Integrative Imaging & Molecular Diagnostics Lab
Our lab is focused on the development and application of novel machine learning and deep learning approaches for medical imaging analysis and precision oncology. This can lead to discovery of imaging-based biomarkers for several clinical applications including cancer detection and diagnosis, treatment response and prognosis prediction, which have the potential to transform cancer care.
Our work spans across multiple imaging domains and modalities including radiology as well as histopathology image data. These data sets are linked with clinical outcomes to address a specific unmet clinical need. Further, we integrate imaging with matched genomic/molecular data to gain more insight into cancer biology.
Artificial intelligence (AI) including machine learning and deep learning plays a critical role in these endeavors. We are developing new methods to make these sophisticated models more robust, reproducible, and interpretable, all of which are key elements of successful AI applications in medicine.

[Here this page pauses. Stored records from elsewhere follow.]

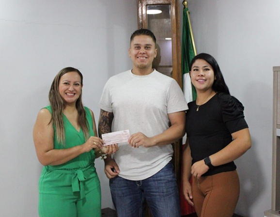 Durante la entrega del apoyo, la Presidenta Municipal expresó su reconocimiento al joven deportista, resaltando la importancia de impulsar el talento local y motivar a la juventud a seguir luchando por sus sueños.
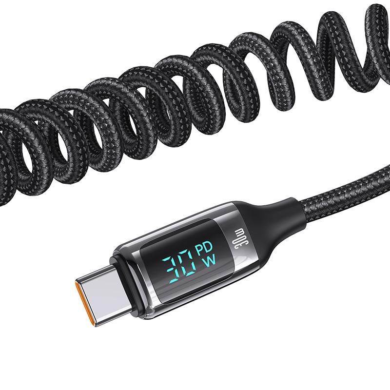 C37 60W A+C Digital Display Fast Car Charger with PD30W Type-C Spring Cable
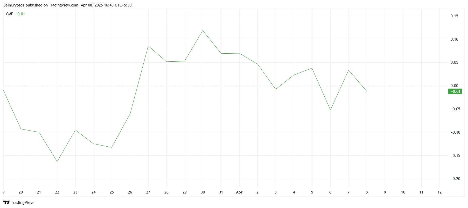 On a broader scale, the Chaikin Money Flow (CMF) indicator, which tracks capital inflows and outflows, signals rising skepticism about SUI’s price trajectory. Since the beginning of the month, the CMF has moved below the zero line, reflecting more outflows than inflows. This suggests that investors are hesitant, and the lack of buying pressure could hinder any immediate price recovery.
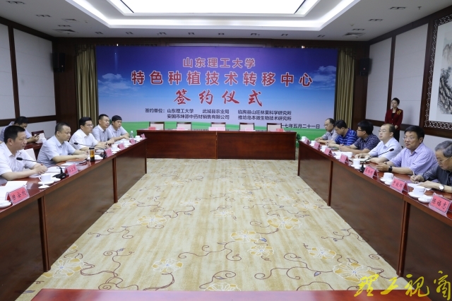 本网讯 5月21日上午,山东理工大学特色种植技术转移中心签约仪式在武城县武城宾馆举行。副校长易维明,武城县委副书记杜卫东出席签约仪式。仪式由县委常委、统战部长刘呈辉主持。我校科技处和武城县组织部、农业局、有关乡镇负责同志,我校选派武城的“第一书记”和特色种植技术转移中心合作单位负责人参加会议。
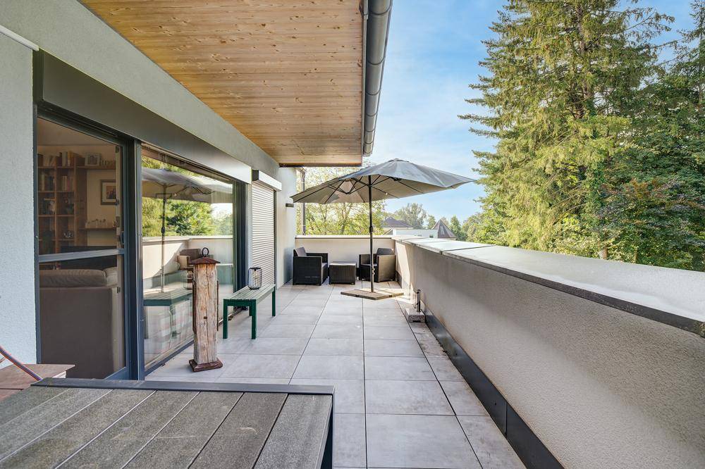Wohnen am Bach: Neuwertige Penthouse-Wohnung mit 2 großen Dachterrassen.

Our research is multidisciplinary by nature. We work closely with a team of expert clinicians including oncologists, surgeons, radiologists, and pathologists at Stanford and beyond. Our goal is to translate new technology and imaging biomarkers to clinical practice, which can guide personalized management and therapy selection, ultimately improving outcomes for cancer patients.
Our lab has been supported by multiple NIH R01 grants from the National Cancer Institute (R01 CA193730, R01 CA222512, R01 CA233578) and the National Institute of Dental and Craniofacial Research (R01 DE030894). Additionally, our work is supported by the Stanford Institute for Human-Centered Artificial Intelligence (HAI). My earlier research was supported by an NIH Pathway to Independence Award (K99/R00 CA166186) from 2012 to 2017.